*Input data*:
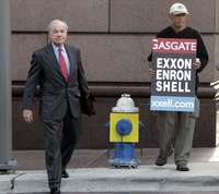 Ampliar la imagen El ex presidente ejecutivo de Enron, Kenneth Lay, a su llegada a la corte, en el caso de fraude y conspiración. A la derecha un manifestante contra las empresas energéticas Foto: Ap
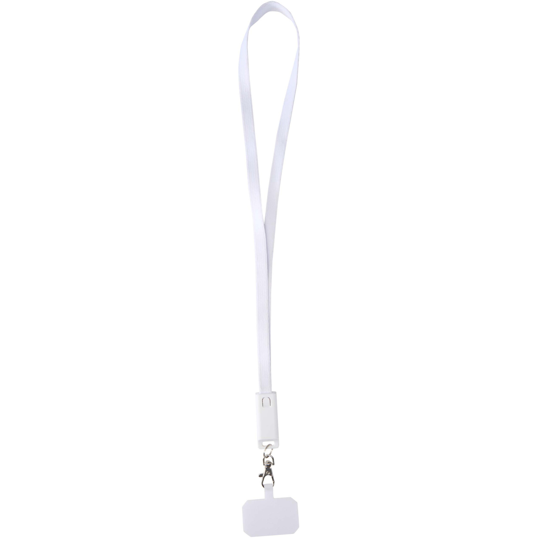 Franz kierrätetystä muovista valmistettu älypuhelinkaulanauha, jossa on sisäänrakennettu datasynkronointi- ja 65 W:n 5-in-1-pikalatauskaapeli, Valkoinen
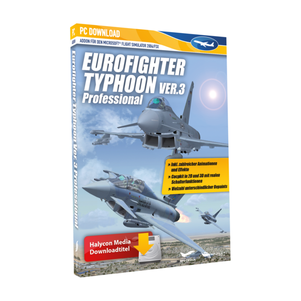 Mit der Erweiterung Eurofighter Professional 3 für den Microsoft Flugsimulator FS2004 und FSX erscheint im Dezember die aktuellste Version des Eurofighters vom Entwicklers AFS-Design als Downloadversion bei Halycon.

*To do*:
Only the lines from the one containing "Franz kierrätetystä muovista" through the last line of the data belong in the copy, both included and reproduced exactly. Pictures do not.

*Exercise solution*:
 Franz kierrätetystä muovista valmistettu älypuhelinkaulanauha, jossa on sisäänrakennettu datasynkronointi- ja 65 W:n 5-in-1-pikalatauskaapeli, Valkoinen
 Mit der Erweiterung Eurofighter Professional 3 für den Microsoft Flugsimulator FS2004 und FSX erscheint im Dezember die aktuellste Version des Eurofighters vom Entwicklers AFS-Design als Downloadversion bei Halycon.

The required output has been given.